DATA EXTRACT START

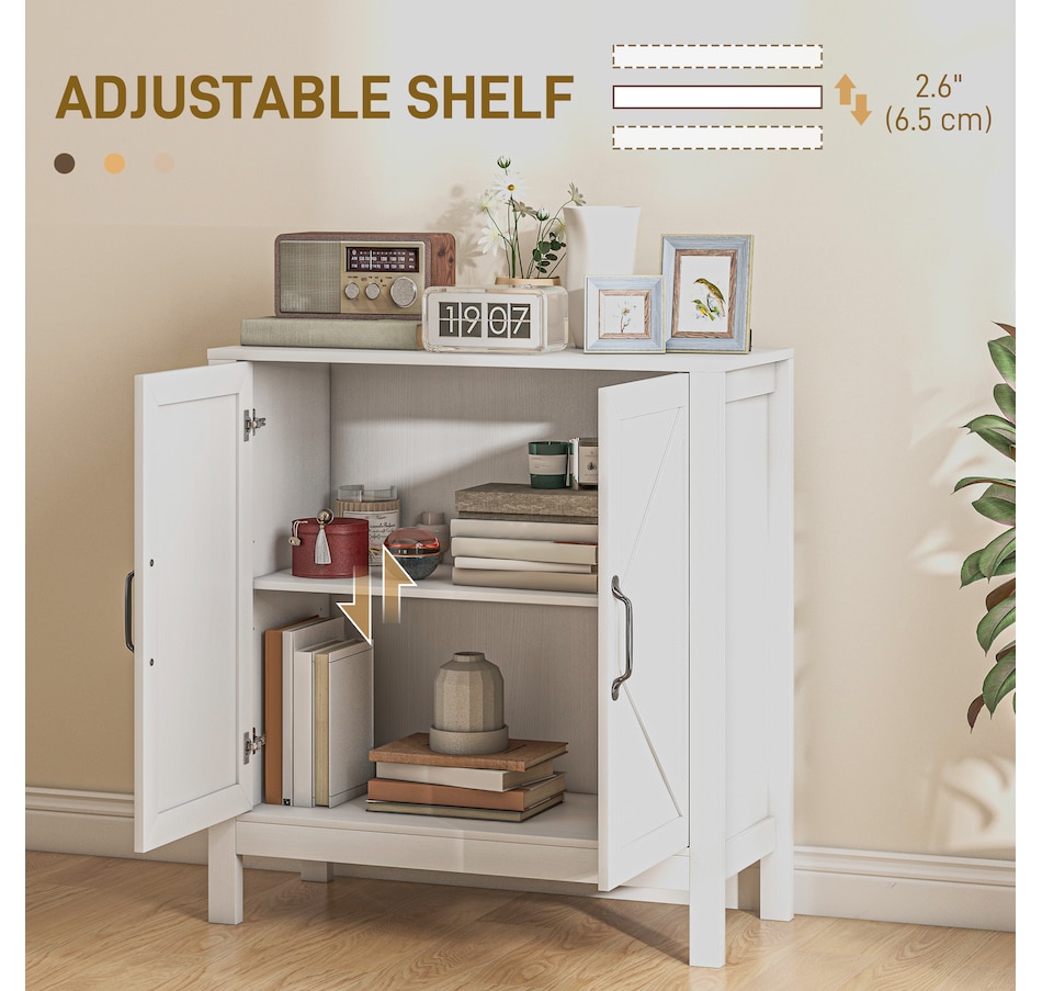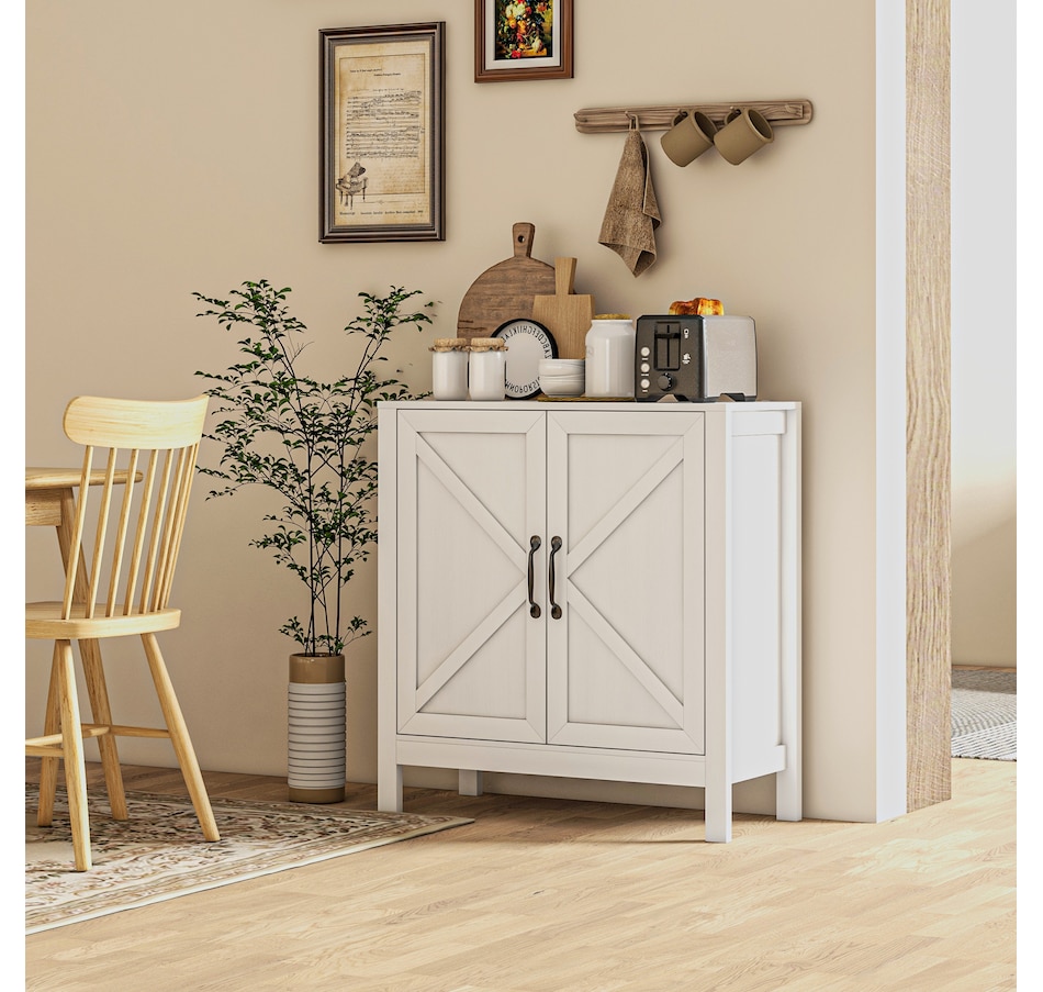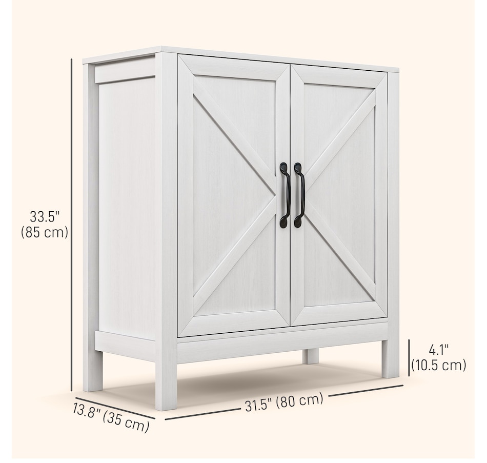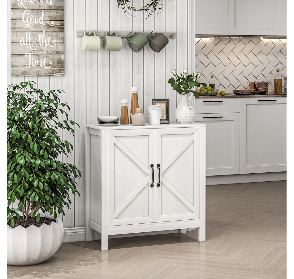 Experience a new storage level with the HOMCOM Modern Farmhouse Style Kitchen Storage Cabinet. This exceptional piece features a barn door design in a wood grain finish, a unique touch that effortlessly complements any decor. Its adjustable shelving is a game-changer, accommodating everything from kitchenware to media devices, making it a versatile addition to your entryway or kitchen. With its standout design and practical features, this storage solution is a must-have for any home!
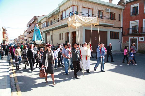 A las once y media de la mañana, con un cielo totalmente despejado, se produjo el encuentro a la altura de la Plaza del Ayuntamiento entre madre e hijo. La Virgen, portada por los padres de los comulgantes, había salido de la Capilla de Cristo Rey mientras que el párroco de la localidad descendió desde la iglesia Santa Fe con el cuerpo de Cristo bajo un palio portado también por los padres de los comulgantes. En ese momento, la banda municipal de Caparroso interpretaba el "Himno a Navarra" mientras se quitaba el velo negro a la Virgen y el abandero hacía el saludo a la Dolorosa. De ahí, todos los asistentes regresaron a la Parroquia Santa Fe donde tuvo lugar la tradicional misa del Domingo de Resurrección.
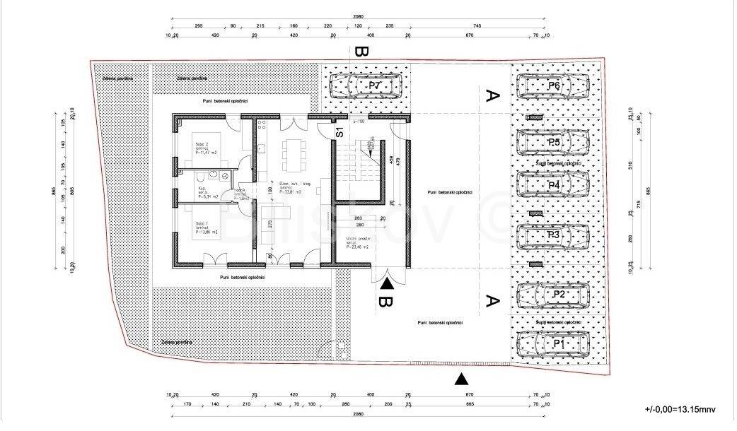 STAN 1: prizemlje s vrtom i parkingom ukupne obračunate površine 85m2 - 235.000€

DATA EXTRACT END

▶ [AIM OF THE EXERCISE]
Please copy exactly, and only, the lines from the one that contains "A las once y" through the last line of the data above, omitting all pictures.

▶ [RESPONSE AREA]
 A las once y media de la mañana, con un cielo totalmente despejado, se produjo el encuentro a la altura de la Plaza del Ayuntamiento entre madre e hijo. La Virgen, portada por los padres de los comulgantes, había salido de la Capilla de Cristo Rey mientras que el párroco de la localidad descendió desde la iglesia Santa Fe con el cuerpo de Cristo bajo un palio portado también por los padres de los comulgantes. En ese momento, la banda municipal de Caparroso interpretaba el "Himno a Navarra" mientras se quitaba el velo negro a la Virgen y el abandero hacía el saludo a la Dolorosa. De ahí, todos los asistentes regresaron a la Parroquia Santa Fe donde tuvo lugar la tradicional misa del Domingo de Resurrección.
 STAN 1: prizemlje s vrtom i parkingom ukupne obračunate površine 85m2 - 235.000€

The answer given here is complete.